Another possible issue is the use of a list-like structure. 'scanner-string also conses on each 'cdr, and the total memory usage actually exceeds (coerce "string" 'cons) - it's just that scanners are sexier ^^.

For this case it may be possible to create a variant of the CPS style which takes a tuple of (string, index, end) - as explicit and separate variables of course, so that underlying scheme has a shot at optimizing it away - and use indexing, which I suspect is faster on strings (and which scanner-string ends up doing anyway). This would remove the need for consing too.

-----

1 point by almkglor 6133 days ago | link

LOL forgot to give the parser the list to parse:

  ; cps
  (def filt-map (fun parser)
    (fn (remaining pass fail)
      (parser remaining ;oops!
        (fn (parsed parsedtl remaining)
          ((afn (p)
             (when p
               (zap fun (car p))
               (self cdr p)))
           parsed)
          (pass parsed parsedtl remaining))
        fail)))

-----

1 point by almkglor 6134 days ago | link

Results of a run:

  arc> (profiler-report)
  ((many-r 1522) (wiki-link 84) (formatting 48) (close-br 19)
  (elided-white 12) (bold 10) (italics 7) (nowiki 7) (bolded-text 5) 
  (italicized-text 5) (open-br 5) (ampersand-coded-text 4) 
  (many-format 3) (nowiki-text 2) (ampersand-codes 1) (nowiki-e 0) 
  (alt-r -4) (p-alphadig -4) (seq-r -690))
  nil
O.O? T.T

-----

1 point by raymyers 6134 days ago | link

Dang, I thought I fixed that bug :P

The last line of profiler-exit is supposed to prevent that.

  (def profiler-exit ()
    (let (name ms) (pop *profiler-stack)
      (let total (- (msec) ms)
        (++ (*profiler-times name)
            (- total *profiler-child-time))
        (= *profiler-child-time
           (if *profiler-stack total 0)))))
Did you do something weird, like Control-C out of a profiled call?

-----

1 point by almkglor 6134 days ago | link

No.

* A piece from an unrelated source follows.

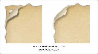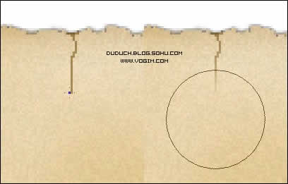 4.新建图层,设置图层的混合模式为正片叠底。设置前景色为RGB(176,161,123),使用1像素铅笔在边缘绘制撕裂缝,并用60像素柔角橡皮将内侧部分擦除,产生出逐渐变细的效果。

But if you're talking about weird stuff, well yes: bolded-text and italicized-text also refer back to formatting via delay-parser:

        (*wiki-pp italicized-text
          (seq italics
               (filt in-italics
                     (many:seq (cant-see italics) (delay-parser formatting)))
               italics))
   ...

        (*wiki-pp formatting
          (alt
            (pred [let c (car _)
                    (or (alphadig c)
                        (whitec c)
                        (in c #\, #\.))]
                  anything)
            wiki-link
            bolded-text
            italicized-text
            ampersand-coded-text
            nowiki-text
            (filt [cons (escape:car _) nil] anything)))

-----

1 point by raymyers 6133 days ago | link

Crikey! Do you think delay-parser is the issue? Let me know if you can reproduce this.

-----

1 point by almkglor 6133 days ago | link

I don't think it's 'delay-parser, per se, just the interrecursion: 'formatting calls 'bolded-text calls 'formatting. I think this is what's making the profiler give weird numbers.

-----

1 point by raymyers 6131 days ago | link

I am having trouble to replicating your problem with mutual recursion. I get the expected result with this mutually recursive test. Can you give me an example that reports incorrectly?

  (def foo (li)
    (if li (do (sleep 0.25) (bar (cdr li)) (sleep 0.25))
        (sleep 2)))

  (def bar (li) 
    (if li (do (sleep 0.25) (foo (cdr li)) (sleep 0.25))
        (sleep 1)))

  (profile foo bar)
  (foo '(a a a a a a a))
  (profiler-report)

-----

1 point by almkglor 6131 days ago | link

Hmm. I'll check again later. In the meantime, what I did in the great-grandparent post was just this, on a fresh start:

1. turn on profiling in wiki-arc/wiki-arc.arc, by setting the variable whose name escapes me at the moment to t

2. Load wiki-arc/wiki-arc.arc and (thread (asv)) the server.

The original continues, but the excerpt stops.